Sorry, Atheists; Babyeating Was God’s Idea

Sorry, Atheists; Babyeating Was God’s Idea May 30, 2015

Baby grazes

Baby grazes in backyard.  Image courtesy of Andrew Blight under Creative Commons License

One of the common jokes among atheists is that we eat babies. The joke is meant to expose the stereotypes many give atheists — in countries where religion is dominant (no need to rub it in Scandinavia), a stereotype of atheists is that we worship the devil (that we don’t believe in the devil doesn’t matter) and that we are morally bankrupt.  To us atheists, this is ridiculous, obviously, and we make fun of the stereotype by joking about the worst think we can think of — eating babies.

I mean, seriously.  What could be worse than eating a baby? (Possibly eating a baby without hot sauce and cooked anything less than medium rare (any more and it’s not as tender), but that’s beside the point.  It’s beside the point.  Moving on…)
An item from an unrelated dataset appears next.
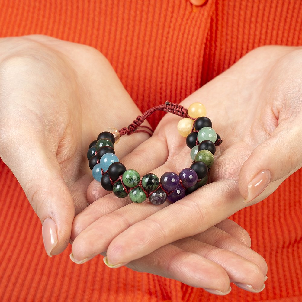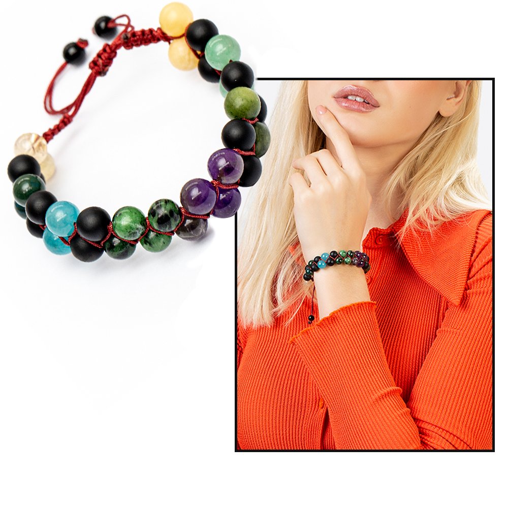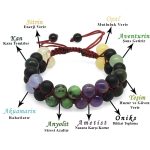 Hergestellt: Naturstein. Verwendete Steine: Amethyst-Anyolit-Aquamarin-Aventurin-Blut-Citrin-Opal-Jade. Farbe: Mischung. Gewicht: 25,60 g. Länge: Makramee Vorbereitungszeit: 1 Werktag Produktbox Ihr Produkt wird mit einer Schutzbox mit Ihrem Logo versendet. Spezielle Optionen für Geschenkboxen finden Sie in der Kategorie „Geschenkbox“ im Menü. Beschreibung des Natursteins Amethyst: Er wird seit Jahrhunderten in vielen Zivilisationen mit Bewunderung verwendet. Es ist auch der stärkste Stein in Bezug auf die Heilung. Da es eine negative elektrische Ladung trägt, erhöht es die Gehirnleistung, indem es überschüssige Elektrizität im Körper sammelt. Es reicht aus, irgendwo in Ihrer Umgebung zu stehen, um negative Energien zu zerstören und in positive Energie umzuwandeln. Es ist gut gegen Schlaflosigkeit. Da es sich um einen Stein handelt, den Sie immer bei sich tragen können, versorgt er Sie stets mit Nutzen und Energie. Es gibt Energie. Anyolith: Es reguliert den Körper, stärkt ihn und gibt Energie. Es lindert Faulheit und Lethargie des Menschen und wirkt gegen chronische Müdigkeit. Beruhigt, reduziert Stress und Reizbarkeit. Es aktiviert und stärkt die Nebennieren und Lymphknoten. Es gleicht die Blutgerinnung aus. Es reinigt und erneuert das Blut. Es ist gut bei Augenkrankheiten und stärkt die Augen. Aquamarin: Es ist einer der wertvollsten Steine. Die wichtigsten Merkmale, die seinen Wert steigern, sind der Grad der Transparenz, die Dunkelheit seiner Farbe und die Sauberkeit des Innenraums. Es steigert Ihr Selbstvertrauen. Es ist gut bei Halsschmerzen, Bronchitis, Atemwegserkrankungen und Schilddrüsenerkrankungen. Es ist wirksam bei der Behandlung psychischer Erkrankungen. Es stärkt die Intuition. Der Aquamarinstein, auch Stein des Überflusses und des Glücks genannt, ist auch der Feind von Stress und Anspannung. Wenn Sie eine extrem wütende, angespannte und gereizte Person sind, wird es Ihnen helfen, in einen friedvolleren Zustand zu gelangen. Aventurin: Dieser Stein, der metallisches Funkeln ausstrahlt, hat eine körnige Struktur. Er ist als Stein des Glücks bekannt. Es wirkt emotional ausgleichend und wirkt auch gegen Depressionen. Sie können es nutzen, um sich glücklich zu fühlen. Es ist besonders vorteilhaft für die Herzgesundheit. Wenn es in der Nähe des Herzens platziert wird, schützt es Sie vor der Negativität anderer Menschen. Es ermöglicht Ihnen, offenherzig zu sein. Er ist auch als Stein der Träumer bekannt. Es ist gut für Menschen, die sich in Denkmustern befinden, die sie einschränken oder behindern. Es ist auch der am besten geeignete Stein für junge Leute, die ihr eigenes Ding machen. Blut: Blutstein ist ein ausgezeichneter Blutreiniger und ein kraftvoller Heilstein. Es verbessert die Intuition und steigert die Kreativität. Es hilft, Auswirkungen wie geopathischen oder elektromagnetischen Stress zu überwinden, indem es negative Umweltenergie anzieht. Es regt zum Träumen an und ist ein starkes Stärkungsmittel. Es macht Mut und lehrt Sie, gefährliche Situationen zu vermeiden. Es beruhigt und belebt den Geist, lindert Verwirrung, insbesondere aufgrund von Stress, und verbessert die Entscheidungsfindung. Hilft bei der Anpassung an ungewöhnliche Bedingungen. Es reduziert Reizbarkeit, Aggression und Ungeduld. Citrin: Seine Farbe erhält es durch das darin enthaltene seltene Eisen. Er wird auch als Kaufmannsstein bezeichnet. Der Grund dafür ist, dass Menschen, die in der Vergangenheit Handel trieben, diesen Stein in ihren Tresoren aufbewahrten und glaubten, er sei fruchtbar. Es wird angenommen, dass Citrinstein Erfolg bringt. Es wird verwendet, um unerwünschte Energien in der Umgebung zu blockieren. Es erhöht die geistige Klarheit und das Selbstvertrauen. Es gibt Selbstvertrauen in Situationen von Selbstzweifeln, Zweifeln und Nervosität. Es schenkt der Person, die es trägt, Gefühle der Freude und des Glücks. Es beseitigt Akne und schützt vor Hautkrankheiten. Es hilft, Süchte loszuwerden. Es schafft auch Einheit und Solidarität unter den Familienmitgliedern. Opal: Es wird angenommen, dass der Opalstein seinem Besitzer großes Glück bringt. Es ist bekannt, dass Menschen, die diesen Stein tragen, sich im täglichen Leben glücklicher fühlen. Opalstein hat eine frische und schöne Energie. Bei dieser Energie geht es nicht nur um die Visualität des Steins. Es ist bekannt, dass Menschen, die diesen Stein tragen, sich motiviert und glücklich fühlen. Viele Experten empfehlen diesen Stein, um Menschen vor Stress zu schützen. Es sollte auch gesagt werden, dass Menschen, die Opalsteine tragen oder in ihren Häusern aufbewahren, dem Stress des Alltags fernbleiben. Jade: Es hat eine friedliche und beruhigende Wirkung, die es Ihnen ermöglicht, Ihre Sorgen loszuwerden. Es bringt Klarheit in die Gedanken und stärkt die geistige Aktivität. Es fördert das emotionale Gleichgewicht und hat eine schützende Wirkung gegen Extreme. Es ist ein Antioxidans. Seine positive Wirkung wurde bei der Entfernung von Giftstoffen und der Reinigung des Blutes beobachtet. Es erleichtert die Konzentration.
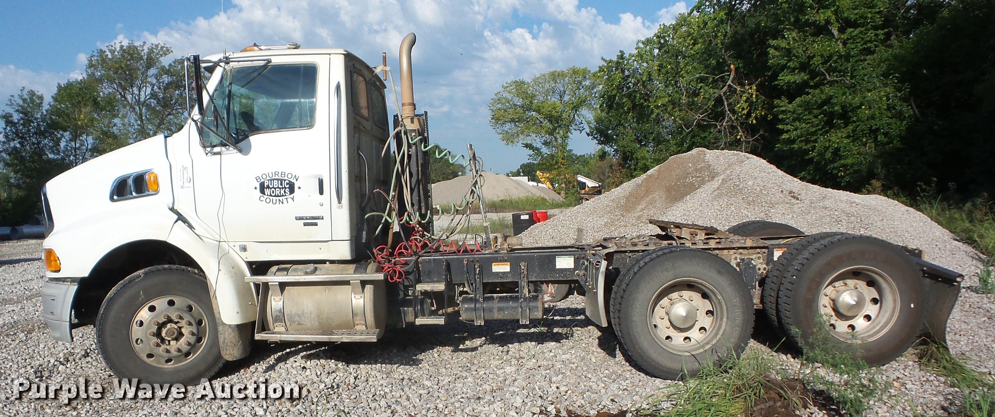 Purple Wave is selling a used Truck Tractor in Kansas. This item is a 2008 Sterling AT9500 semi truck with the following: 250,884 miles on odometer, 11,215 hours on meter, Mercedes-Benz MBE4000 12.0L L6 turbo diesel engine, Eaton Fuller 13 speed manual transmission, Tandem axle, Full differential lock, AC and heat, Tilt, Cruise, AM/FM, Power windows and locks, Air suspension seat, Air ride cab, Block heater, PTO, Wet kit, Dump valves, Single rear exhaust stack, Dual fuel tanks, Stainless steel quarter fenders, Air suspension, Air brakes, Engine brake, 11R22.5 tires, Non-operational vehicle, Non-operational engine

I mean, this is a joke to say that yeah, you might think we atheists are morally repugnant, but we OBVIOUSLY don’t go around eating babies (except on Sundays during brunch as we conduct our Satanic rites).  It’s a way to make fun of the atheist stereotype with something so horrible and ridiculous that people would turn red in the face and have to admit that they atheists obviously aren’t the devil incarnate.

What kind of sick, twisted fuck would actually take baby eating nonbelievers seriously?

There’s actually an answer to that question, believe it or not.

The answer is, um, God — according, traditionally within Christendom, to Moses.  He (Moses…er, I mean God) was allegedly obsessed with the concept, which is a bit disturbing.  Especially when it concerned people who didn’t get along with his commands, like stoning people same sex, sex.  As Leviticus 26: 27-29 reads:

If … you still do not listen to me but continue to be hostile toward me, then in my anger I will be hostile toward you, and I myself will punish you for your sins seven times over.  You will eat the flesh of your sons and the flesh of your daughters.

Wow.  So it turns out non-believers eating babies was God’s idea, according to Moses, according, likely, to whoever made Moses up.  That’s a bit sick and twisted, if ya ask me.

But wait, there’s more!  Check out these juicy details of the punishments God (in the words of Moses, in the words of the bloke who made Moses up) promises to dole out to people who don’t follow all the commands (like chopping of the hand of a woman who attacks the genitalia of a man who is engaged in a fight with her husband) that God gives them.  According to Deuteronomy 28:53-57:

Because of the suffering your enemy will inflict on you during the siege, you will eat the fruit of the womb, the flesh of the sons and daughters the Lord your God has given you. Even the most gentle and sensitive man among you will have no compassion on his own brother or the wife he loves or his surviving children, and he will not give to one of them any of the flesh of his children that he is eating. It will be all he has left because of the suffering your enemy will inflict on you during the siege of all your cities. The most gentle and sensitive woman among you—so sensitive and gentle that she would not venture to touch the ground with the sole of her foot—will begrudge the husband she loves and her own son or daughter the afterbirth from her womb and the children she bears. For in her dire need she intends to eat them secretly because of the suffering your enemy will inflict on you during the siege of your cities.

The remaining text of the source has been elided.